* **The problem**: What's needed is an exact copy of the lines from the one that contains "La trasformazione in" to the end of the data below, leaving the pictures out.

* **Collected data**:
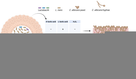 Disruption of the vaginal ecosystem may also contribute to the overgrowth of pathogens that are responsible for complicated vaginal infections, including VVC. In particular, a reduction in specific health-associated Lactobacillus spp., such as L. crispatus, coupled with an increase in L. iners, can predispose women to C. albicans infection. The mechanisms by which L. iners offers less protection against the fungus, leading to the onset of VVC, are not yet completely understood. To this end, further studies are required to better characterize the exact role of this intriguing species in vaginal health and diseases, such as vaginal candidiasis. Understanding of the complexity of the interaction between C. albicans and vaginal lactobacilli could offer potential avenues for improving women’s health through probiotic-based therapeutic approaches. However, it should be noted that although many in vivo and in vitro studies have demonstrated that Lactobacillus spp. have a beneficial effect on the prevention and/or treatment of VVC, clinical data are still scarce and need to be further implemented.
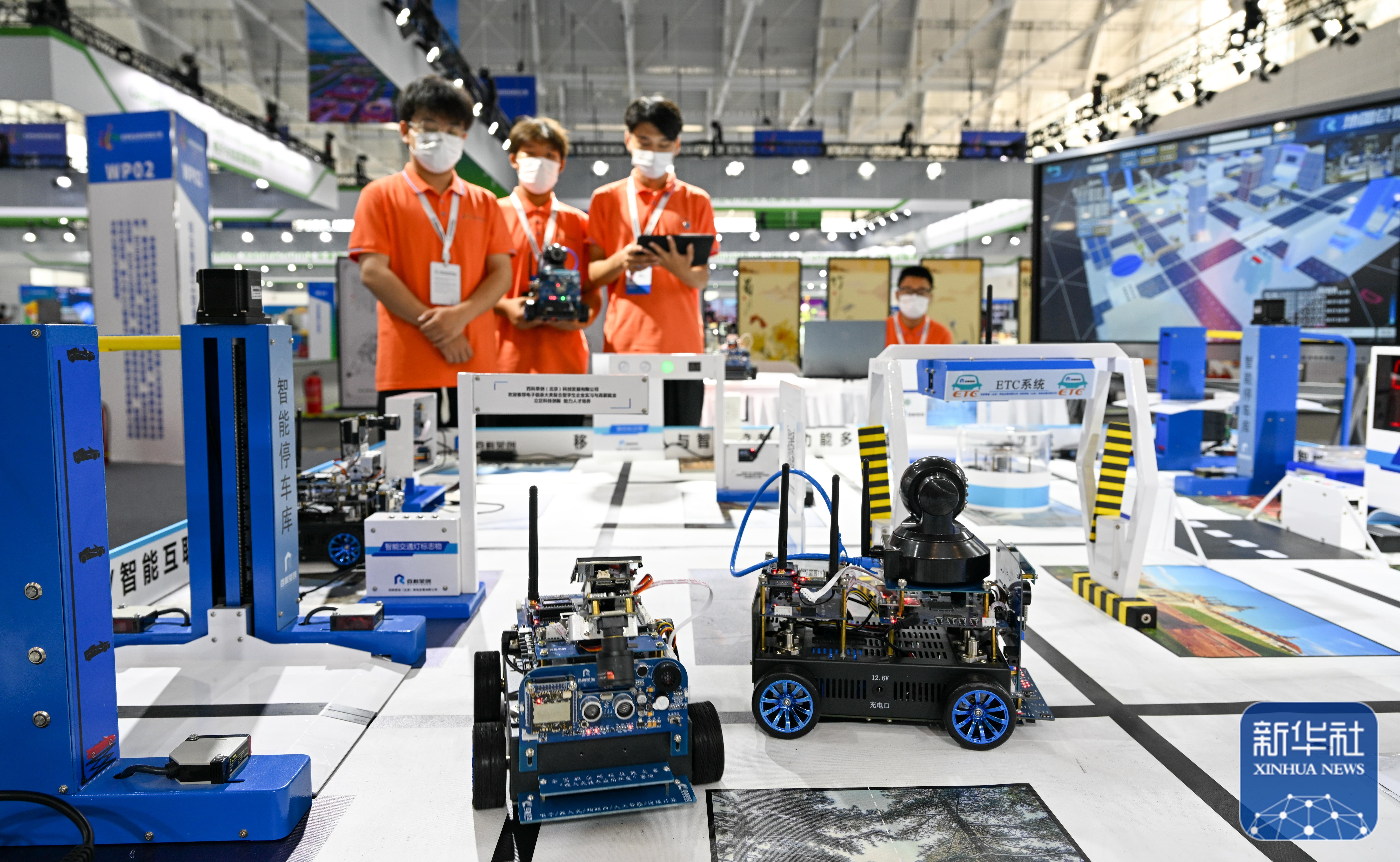在天津举行的世界职业技术教育发展大会首届世界职业院校技能大赛上,参赛选手在实训沙盘前操作机器人设备(2022年8月20日摄)。新华社记者 孙凡越 摄
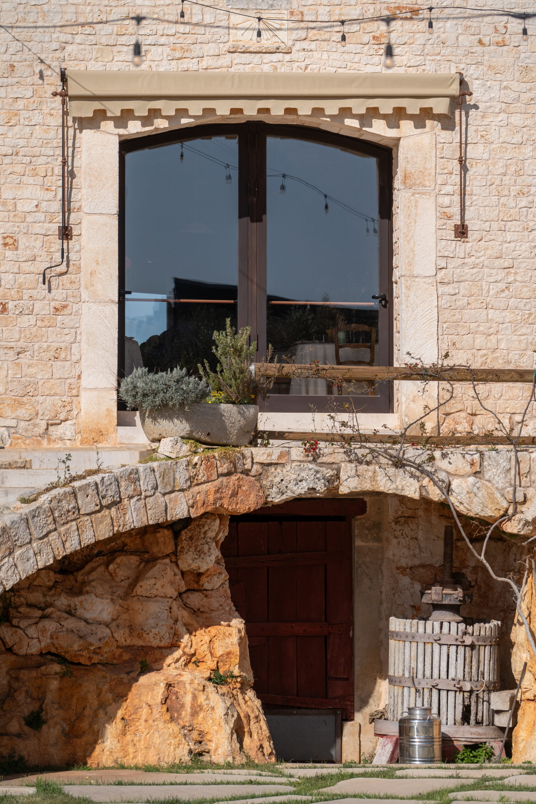 La trasformazione in struttura ricettiva di alto profilo non ha alterato questo equilibrio. Il progetto di recupero della Masseria firmato dall’architetto Rocco Conserva si concentra sulla conservazione dei caratteri tipologici e sulla valorizzazione delle geometrie originarie, attraverso un attento lavoro su dettagli, sistemi tecnologici e lighting design. La luce naturale modella gli spazi interni, mentre l’illuminazione artificiale ne sottolinea proporzioni e tessiture.
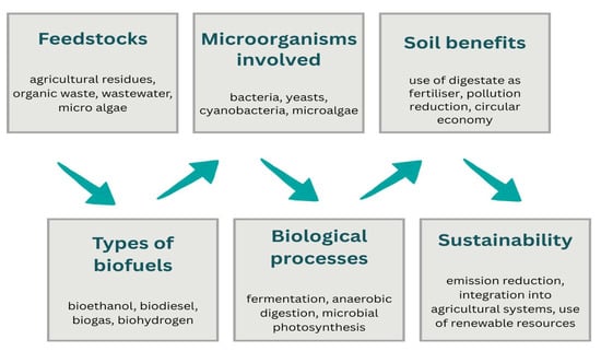 Biofuel production is one of the most dynamic research and application directions in the context of the global transition to renewable energy sources, and microorganisms play a central role in this process. In the last two decades, interest in bioenergy has increased with the background of the rising costs of fossil fuels, the pressure to reduce greenhouse gas emissions, and the need to develop energy systems integrated with sustainable agriculture. The use of microorganisms in biofuel production is based on their ability to transform renewable biological resources, including agricultural waste and organic residues, into liquid, gaseous, or solid fuels with high energy value, while reducing pollution and contributing to the circular economy [82,83,84,85,86,87] (Figure 8).

* **Answer to this task**:
 La trasformazione in struttura ricettiva di alto profilo non ha alterato questo equilibrio. Il progetto di recupero della Masseria firmato dall’architetto Rocco Conserva si concentra sulla conservazione dei caratteri tipologici e sulla valorizzazione delle geometrie originarie, attraverso un attento lavoro su dettagli, sistemi tecnologici e lighting design. La luce naturale modella gli spazi interni, mentre l’illuminazione artificiale ne sottolinea proporzioni e tessiture.
 Biofuel production is one of the most dynamic research and application directions in the context of the global transition to renewable energy sources, and microorganisms play a central role in this process. In the last two decades, interest in bioenergy has increased with the background of the rising costs of fossil fuels, the pressure to reduce greenhouse gas emissions, and the need to develop energy systems integrated with sustainable agriculture. The use of microorganisms in biofuel production is based on their ability to transform renewable biological resources, including agricultural waste and organic residues, into liquid, gaseous, or solid fuels with high energy value, while reducing pollution and contributing to the circular economy [82,83,84,85,86,87] (Figure 8).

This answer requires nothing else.